Inter-Pods MP-BGP Control Plane


In a single ACI fabric, information about all the endpoints connected to the leaf nodes is stored in the COOP database, which is available in the spine nodes.


Every time an endpoint is learned as a local endpoint on a leaf node, the leaf originates a COOP control plane message to communicate the endpoint information (IPv4/IPv6 and MAC addresses) to a spine node.


The COOP protocol is also applied by the spine switches to synchronize this information between them.


The COOP database information in each pod is shared via MP-BGP EVPN through IPN so that each pod knows which endpoint is learned in which pod.

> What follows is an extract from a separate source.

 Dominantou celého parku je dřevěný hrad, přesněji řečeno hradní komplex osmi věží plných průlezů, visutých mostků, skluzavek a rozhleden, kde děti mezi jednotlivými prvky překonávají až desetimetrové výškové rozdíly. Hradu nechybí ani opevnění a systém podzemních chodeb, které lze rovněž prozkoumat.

MP-BGP EVPN runs directly between spine switches in each pod.


IPN devices will not participate in this BGP session, but it just provides TEP reachability to establish BGP sessions between each spine switch.

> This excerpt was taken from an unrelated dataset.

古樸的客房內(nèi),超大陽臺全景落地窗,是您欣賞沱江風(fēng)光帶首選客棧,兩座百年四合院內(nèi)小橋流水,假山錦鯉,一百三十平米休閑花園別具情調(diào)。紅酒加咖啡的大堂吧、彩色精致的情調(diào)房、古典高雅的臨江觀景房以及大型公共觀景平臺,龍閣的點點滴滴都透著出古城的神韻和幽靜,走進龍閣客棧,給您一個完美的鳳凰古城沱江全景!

BGP in each pod runs in the same BGP AS. This AS number is configured via BGP route reflector policy regardless of Cisco ACI Multi-Pod.



Inter-Pods VXLAN Data Plane




The inter-pods MP-BGP EVPN control plane functionality follows the following sequence:

  1. When an endpoint EP1 is learned on Leaf 1 in Pod 1, Leaf 1 sends a COOP message to one of the spine switches.

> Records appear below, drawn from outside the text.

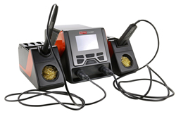 Le fer à souder fourni avec la station affiche une puissance de sortie de 130W et se distingue par la rapidité de son temps de chauffe et de récupération. La température maximale est atteinte en 10 secondes. La pince à souder de 100W possède une fonction de soudage et de dessoudage adaptée à une variété de composants montés en surface. De plus, la puissance maximale de 150 W disponible pour un fer à souder mono-canal permet de souder des pastilles de grandes dimensions et des plans de masse.
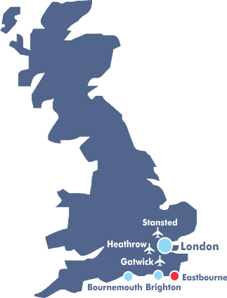 Eastbourne har ca. 103.000 innbyggere og ligger i det syd-østre hjørnet av England i "fylket" East Sussex. De nærmeste flyplassene er London Gatwick og London Heathrow. Stansted er heller ikke langt unna.
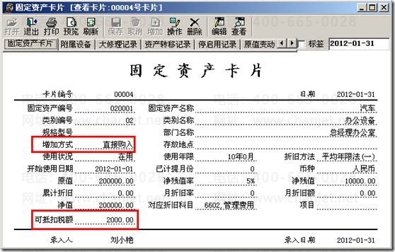 (2)点击“资产增加”增加一张固定资产卡片,在新增卡片录入界面一定要录入在选项里设置的固定资产增加方式,以及可抵扣税额,录完后点击保存。

  2. The receiving spine adds the endpoint information to the COOP database and synchronizes the information to all the other local spine switches. EP1 is associated to the TEP address of Leaf 1.

  3. The endpoint information in the COOP database in Pod 1 is shared with other pods via MP-BGP EVPN

  4. Once the spine in Pod 2 learns endpoint information via MP-BGP EVPN, it adds the information to the COOP database and synchronizes it to all the other local spine nodes.

  5. When MP-BGP entries from pod 1 are translated into the COOP entries on Pod 2 spines, the MP-BGP entries have Pod 1 DP-TEP as the next-hop.

  6. EP1 is now associated to an Anycast TEP address (Proxy A) that represents Pod 1 instead of Leaf 1 TEP.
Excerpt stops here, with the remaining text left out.